# 1971 Judge Hood Scoop Insert Color



## autobodychris (Dec 29, 2015)

Hey everybody,

My name is Chris and I work at restoration shop. We recently got in a White 1971 GTO Judge that another body shop had painted and then stopped, so now I'm trying to get it put back together correctly. My question is the color of the inserts for the hood scoops. They came painted body color (white) but I've noticed while researching how other parts of the body are out together, that most of the pictures of other judges have black inserts. I was able to look at another guys Judge in person (which was also white) and it also had satin black hood inserts. Almost everything tells me that they should be satin black rather than body color, except for one guy that says they should be body color. Can of you guys shed some light on this for me? Thanks a bunch!


----------



## Pinion head (Jan 3, 2015)

Owned a '71 lucerne blue Judge, did a to of research on its restoration. Hood scoops on '70 and 71 Judges should be mixed to 60% gloss black. 

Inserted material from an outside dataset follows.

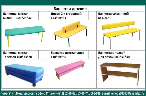 На рынке представлено множество различных моделей мягких банкеток, подходящих для использования в детских садах. Они могут отличаться по размерам, форме, цвету и материалам, из которых изготовлены.
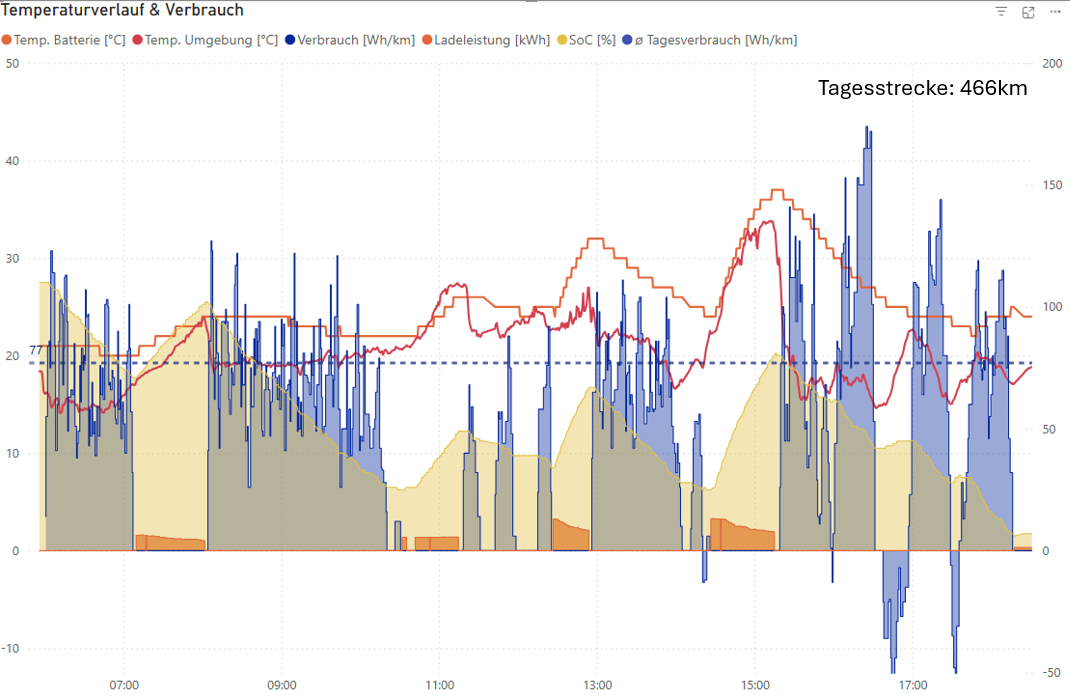 Meine Meinung: An die begrenzende Temperatur der Batterie kommt man bei Überlandfahrt nur bei solchen extremen Umgebungstemperaturen. Ich bin auch schon mehr als 500 Kilometer an einem Tag gefahren (davon habe ich aber keine Aufzeichnung) - da waren die Umgebungstemperaturen im 'normalen' Bereich und da gab es auch keine Probleme bzgl. zu hoher Batterietemperaturen.

Normal '71 and 72 GTO and T41 hood scoops were body color with a lesser than 60% gloss black in the vent areas. Many years after they were originally painted the black in exposed 71-72 hood scoops will appear to be flat black.


----------



## Rukee (Feb 8, 2007)

Welcome to the forums Chris! :cheers


----------



## autobodychris (Dec 29, 2015)

Thanks guys I really appreciate it! atriot:


----------